Wednesday, September 22, 2010

Showering in the Stream of Consciousness

Yesterday I stepped into the shower without my glasses on. Which, well yeah, of course I took my glasses off. But I usually wear my contact lenses in the shower even though you're not supposed to because you can lose them, which has happened to me exactly zero times in 26 years of wearing contact lenses. Without them, I can see clearly for about 3 inches past my nose and what is I want to shave my legs? They're way the hell down there where I can't see without my contacts or contortions that are dangerous to perform while standing on wet porcelain. And pink eye=no contacts=glasses.
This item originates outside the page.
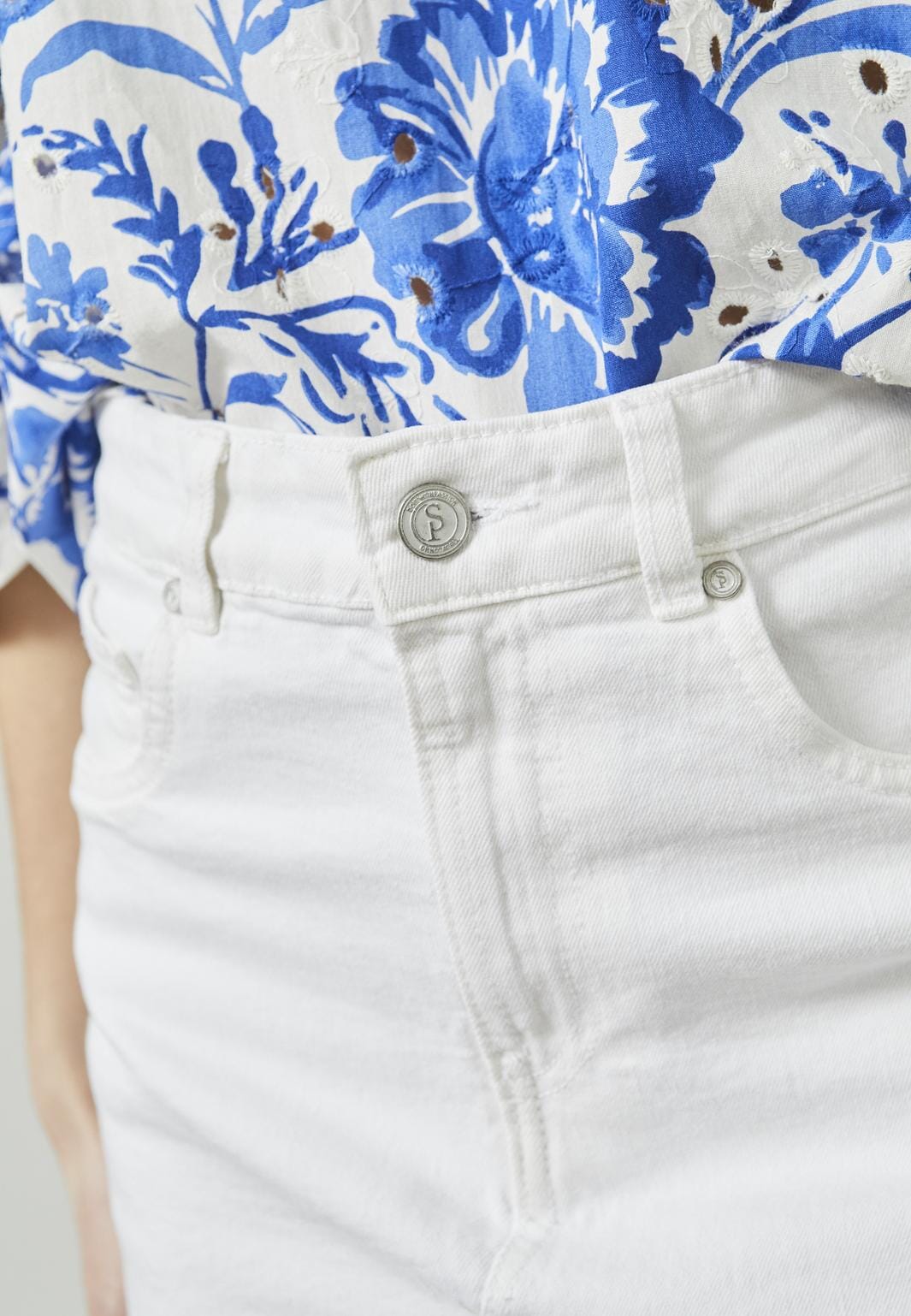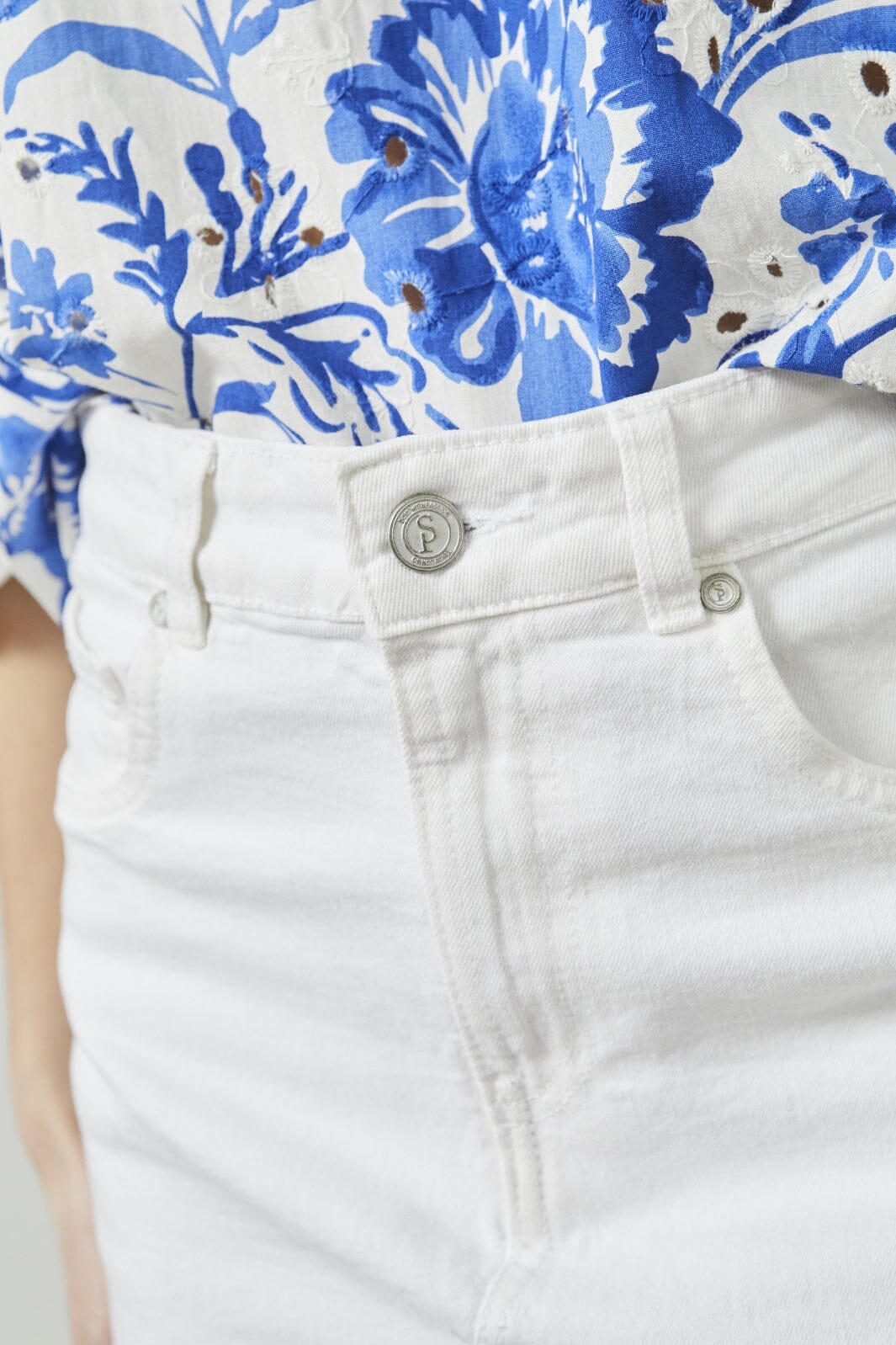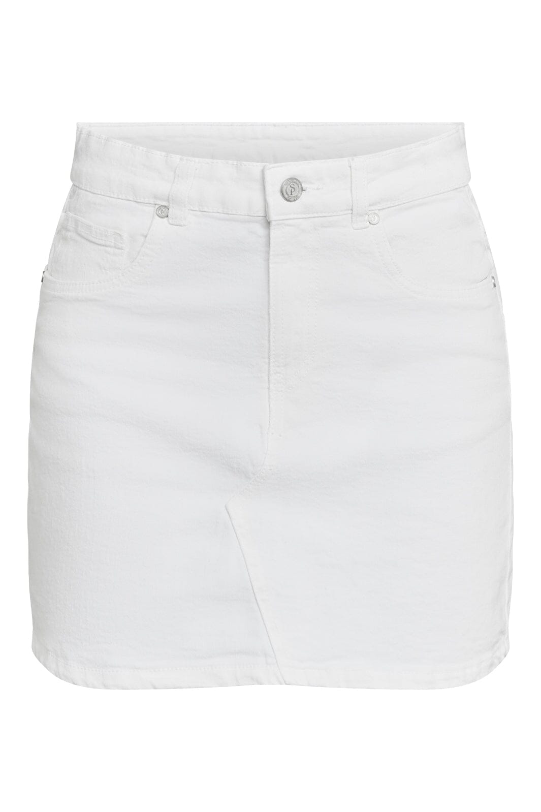 Biała spódnica dżinsowa od Sisters Point o krótkiej długości. Ma dopasowany krój i pas z zapięciem na guzik i zamek błyskawiczny. Spódnica wykonana jest z miękkiej mieszanki bawełny.

OK, so I stepped into the shower.

  1. Oh crap, there's a roach on the soap.
  2. I'd better put on my glasses and deal with it.
  3. Gah!!!!!
  4. GAH!!!!!!!!!!!!!!!!!!!!!!!!!!!!!!
  5. Bee!!!!!!!!!!!!!!!!!!!!!!!!!!!!!!!!!!!!!!!!!!!!!!!!!!!!!!!!!!!!!!!!!!!!!!!!!!!!!!!!!!!!!!!!
  6. There is a bee hanging out, climbing up the side of HA's shampoo bottle.
  7. Gah!!!!!!!!!!!!!!!!!!!!!!
  8. Flash on this episode of the UK version of Coupling:
  9. Obtain disposable plastic cup and one of those magazine subscription cards, donning a bathrobe in the process because this isn't that sort of blog.
  10. Watch bee hang out on shampoo bottle, which of course, has no flat surfaces thereby prohibiting capture.
  11. Hey, I should take a picture of the bee for the blog.
  12. No, that might scare it and scared bees are sting-y bees. (Not stingy bees. It's not like I'm going to be asking the bee for a donation.)
  13. Wish we had a screen on the bathroom window, but we rent and the likelihood of receiving a window screen for a narrow (therefore nonstandard) window is less than the likelihood of the bee leaving of its own volition.
  14. Bee falls off shampoo bottle.
  15. Gah!!!!!! Where is it now???
  16. Move shampoo bottle and other items to the sink.
  17. Place cup over bee right before it starts climbing on the conditioner bottle.
  18. What the hell is it with this bee and Head and Shoulders?
  19. Am I being visited by a bee with dandruff?
  20. Because that would be horrible for a bee. Little dandruff flakes falling from it as it flies along, getting in the honey, the other bees back in the hive whispering behind her back. That's no way for a bee to live.
  21. Slip card under cup, thereby trapping the bee.
  22. Look up at the window, which is open at the top, too high for me to reach.
  23. Open bedroom window, including screen, which doesn't want to stay up, but is staying up enough to fit the cup through.
  24. Those keeping kids from falling out of the window guards will make this difficult, but I'll manage.
  25. Observe bee in cup, not freaking out too badly.
  26. Start to lift cup and card. Realize that card is flimsy and could allow bee escapage.
  27. Slip several other magazine subscription cards underneath the card.
  28. Release bee into the wild.
  29. Except that I didn't see it fly away.
  30. It's not on the cards.
  31. Is it in the cup? Eek!
  32. It didn't seem to be in the cup, yet I managed to drop it out the window, so it's definitely gone now.
  33. Oops.
  34. Call HA.
  35. Say, "Bee!!!!!!!!!!!!" as soon as he answers.
  36. Request and receive assurances of my awesome bravery.